Unternehmen nutzen die positiven Effekte von besonderen Mitarbeiter:innen auf andere Mitarbeiter:innen schon lange. Getrieben vom Gedanken die für eine Stelle und ein Team besten Leute zu finden, investieren sie viel Geld in die Gewinnung und Auswahl neuer Kolleg:innen. Sie beauftragen gar externe Berater:innen, die mit Hilfe von Tools zum Erkennen von berufsbezogenen Persönlichkeitsmerkmalen die für eine Aufgabe und ein (vorhandenes) Team besten neuen Kolleg:innen finden (Mitarbeiter-Personas als Fundament eines Employee Experience Design).
Coworking Space Betreiber:innen tun diesbezüglich oft zu wenig. Sie investieren Geld und Zeit in die Einrichtung von Räumen und deren technische Ausstattung. Das ist wichtig, keine Frage. Das ist nötig, das sind Basis- bzw. Hygienefaktoren. Und ja, diese Maßnahmen ziehen auch Menschen an. Keine Frage.

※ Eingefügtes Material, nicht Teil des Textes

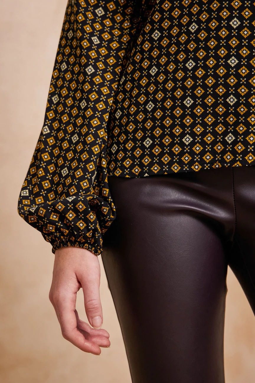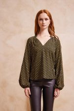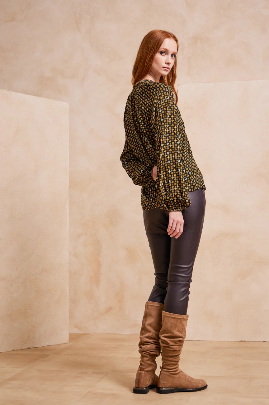 Mπλούζα μακρυμάνικη εμπριμέ. Σταθερό ύφασμα.
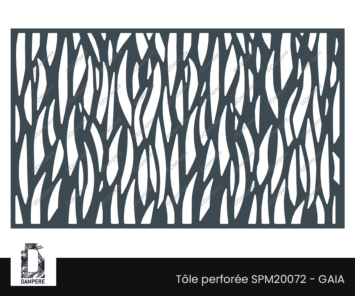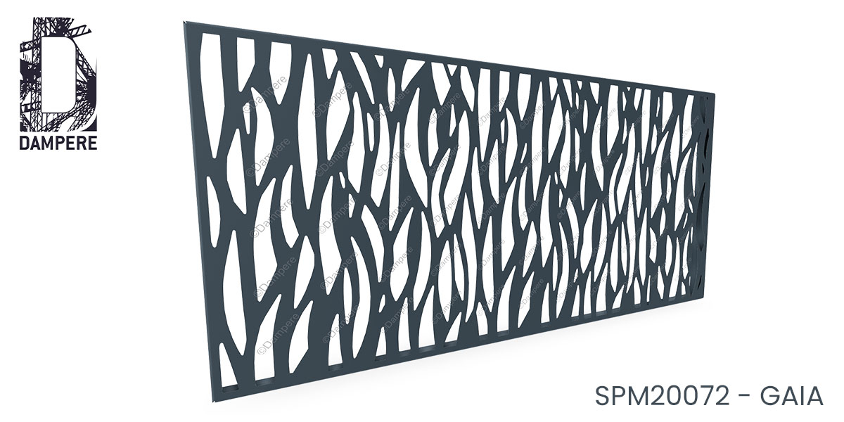 La tôle décorative Gaia de DAMPERE libère l’imagination à travers un motif organique réalisé par découpe laser, qui évoque des éléments naturels tels que les flammes, les herbes folles, ou encore des fissures dans le bois. Le motif, avec ses formes fluides et abstraites, capte une sensation de mouvement et de vie. Qu’il s’agisse de l’élan d’une flamme dansante, du flux ondulant d’une plante aquatique ou du vent caressant les herbes, chaque élément du design propose une nouvelle interprétation. La force de ce motif déco en découpe laser réside dans la manière dont il permet à chaque observateur de lui prêter un sens différent. Certains y verront le feu, d’autres la force du vent, et certains pourront y percevoir la puissance brute de la nature. La découpe laser sur mesure rend possible une précision dans les formes, tout en offrant une transparence partielle, permettant au regard de glisser à travers les perforations ou de s'arrêter sur le premier plan du motif. Cette interaction entre les pleins et les vides crée une expérience visuelle riche qui évolue avec l'angle de vue et la lumière ambiante. La tôle décorative Gaia n’est pas qu’un simple élément de design; c’est une invitation à la contemplation. Le motif organique renforce l'idée de connexion avec la nature, intégrant le mouvement naturel dans les structures modernes, que ce soit en garde-corps, clôture ou panneau claustra de séparation. Ce design dynamique et vivant trouve sa place dans des environnements à la fois urbains et paysagers, où il ajoute de la profondeur et du caractère à l’architecture.Usages
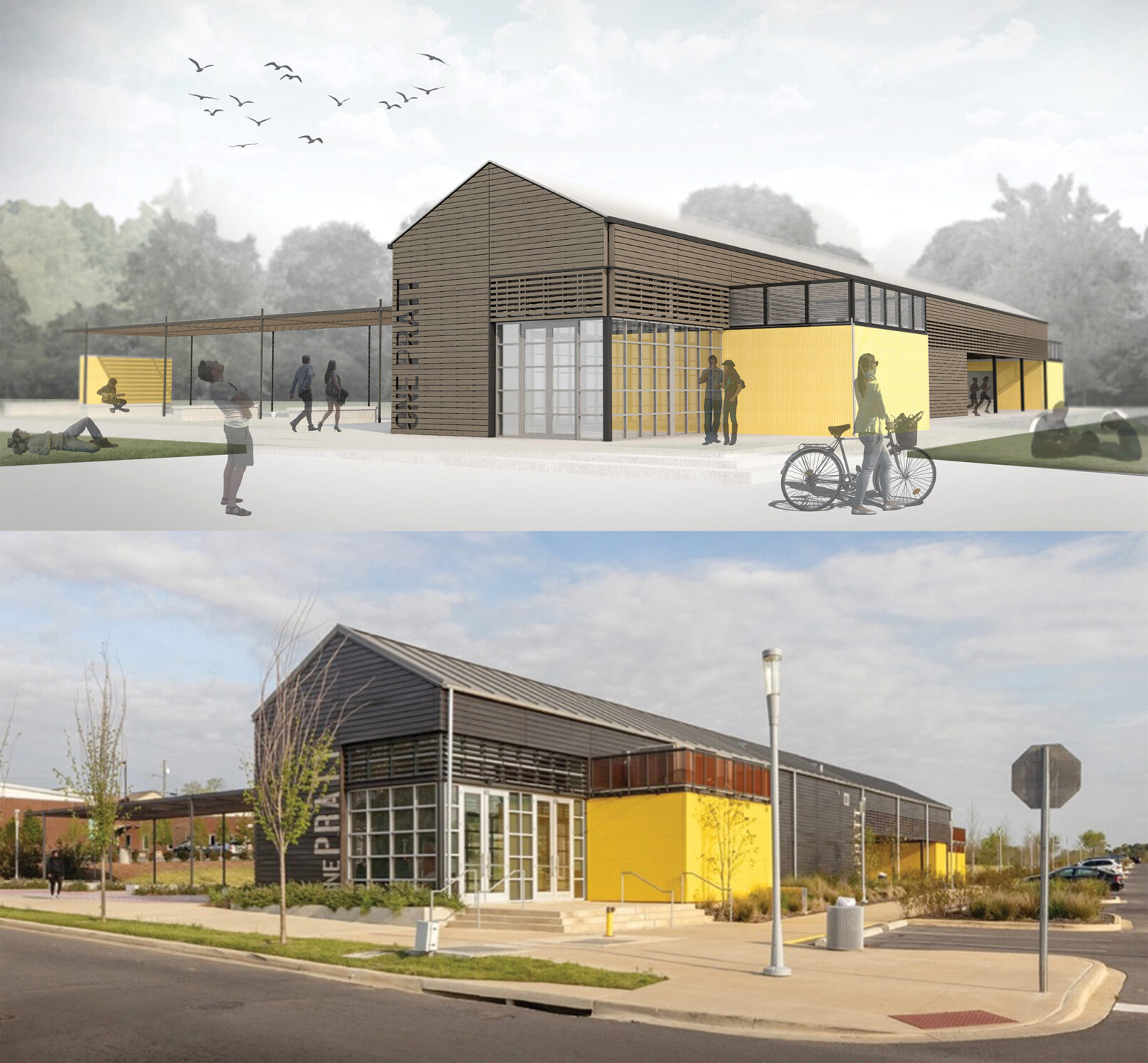 Design Initiative was selected as a member of a team including Tom Leader Studio, of Berkeley, California, and Macknally Land Design to design a new community center and park as the central piece to the redevelopment of a neighborhood ravaged by tornadoes in 2011. Located on an 8-acre parcel of land that also included the neighborhood library, the completed work forms the heart of the community, for both existing housing as well as planned new housing.
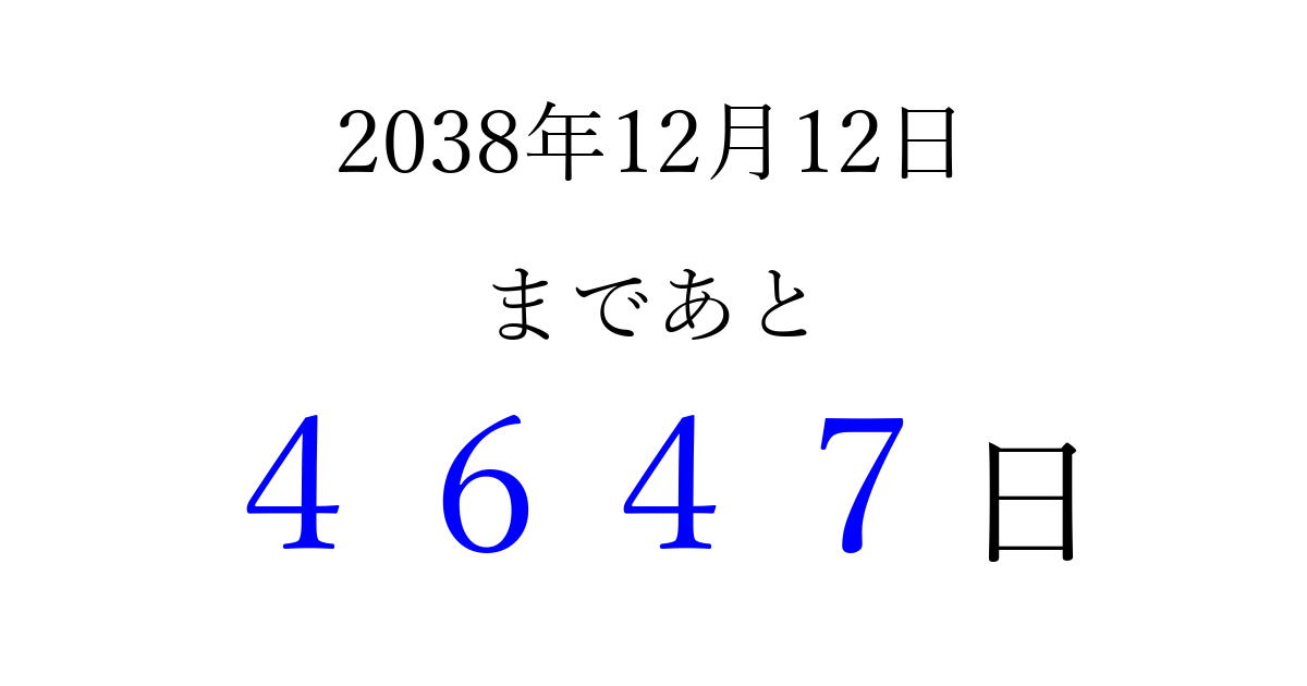 2038年12月12日(日)まで あと 9999 日です 追加すると、トップページからすぐ選べるようになります ※2026/03/23現在の結果です。 最新の状態に更新する ↓シェアして、タイムライン上にカウントダウンを表示しよう!↓ 📤 この結果を共有する Tweet シェア Threads Bluesky 別の日付でカウントダウン 2038年12月のカレンダー このページをブックマークに追加すると、いつでもカウントダウンを確認できます。 (PC: Ctrl+D / Mac: ⌘+D) hitome-notes.comでは以下のページも運営しています。 指定日と期間から日付を計算 | ガチャ確率計算・シミュレーション | プライバシー・ポリシー 運営者:Avocado
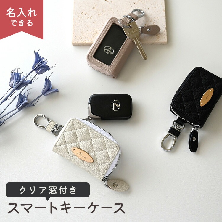 スマートキーケース 窓付き シングル オーバルプレート キルティング simple 名入れ クリア窓付き くすみカラー レディース メンズ キーレス メール便送料無料
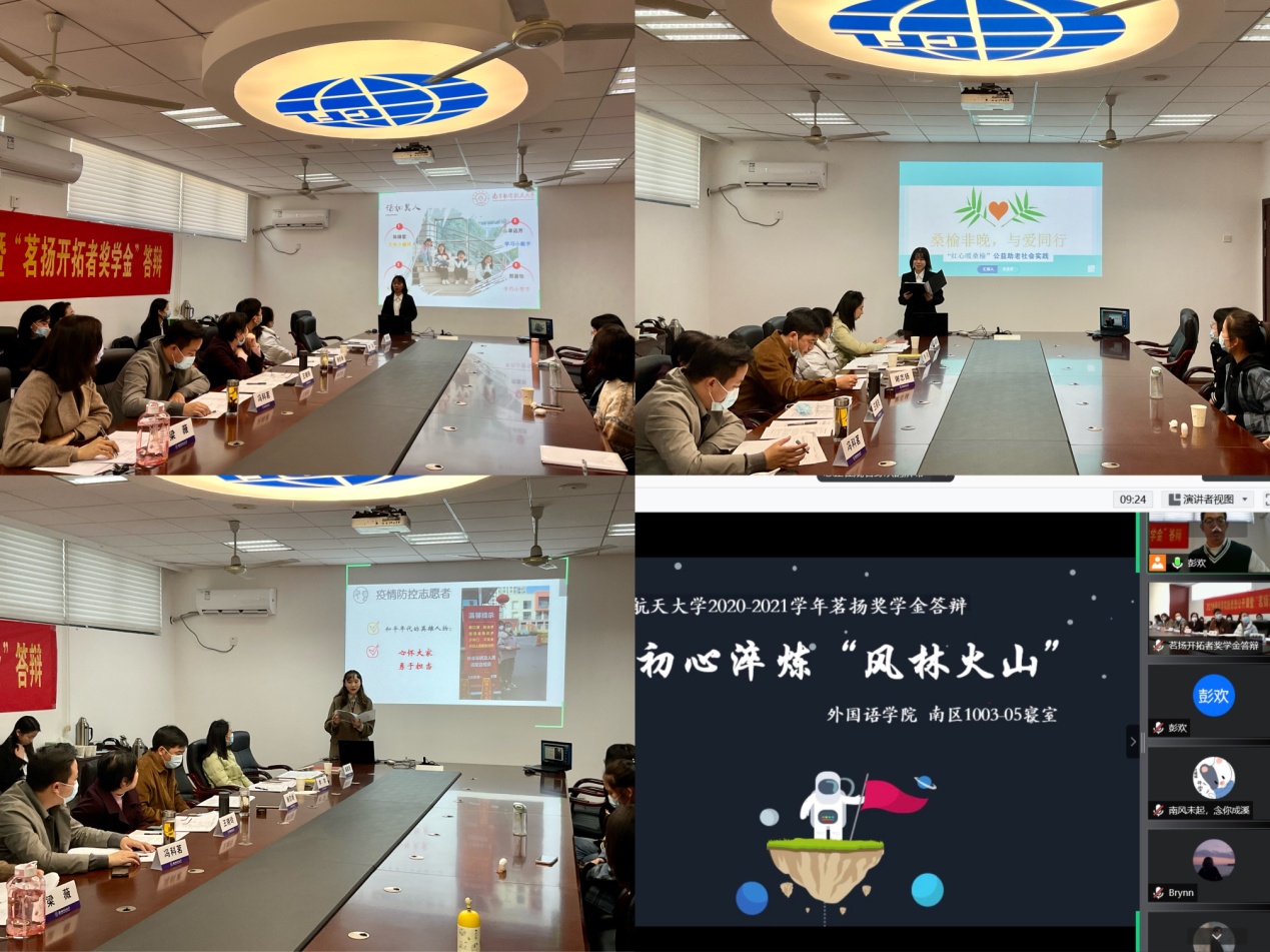党委副书记梁薇、英语系副教授王晓玲、院团委书记李萍、本科生辅导员盛嘉贤、本科生辅导员彭欢出席答辩会。本次答辩会由上届“茗扬开拓者奖学金”一等奖获得者肖依雪主持,全体本科生通过腾讯会议进行线上观摩学习。

Die Anziehungskraft anderer Menschen, besondere Typen (w/m/d) und inspirierenden Persönlichkeiten ist jedoch weitaus größer und nachhaltiger. Und ich bin sicher, dass die meisten Space-Betreiber:innen in der Lage sind jene Typen (w/m/d) und Persönlichkeiten unter ihren Nutzer:innen zu erkennen. Jene zu finden, die andere Menschen begeistern und inspirieren, die kommunikativ stark sind, sich gerne unter Menschen aufhalten, die auf andere anziehend wirken, die Begegnungsflächen und Open Spaces eher zum Arbeiten nutzen als geschlossene Räume.
Auf jene Menschen zuzugehen und sie mit bedarfsorientierten Services, vermittelten Kontakten und Rabatten zum regelmäßigen Space-Aufenthalt zu bewegen, das sollte für die meisten Coworking Space Betreiber:innen machbar sein. Sie werden belohnt mit einer besseren Auslast, einer lebendigeren Gemeinschaft und einer tollen Atmosphäre.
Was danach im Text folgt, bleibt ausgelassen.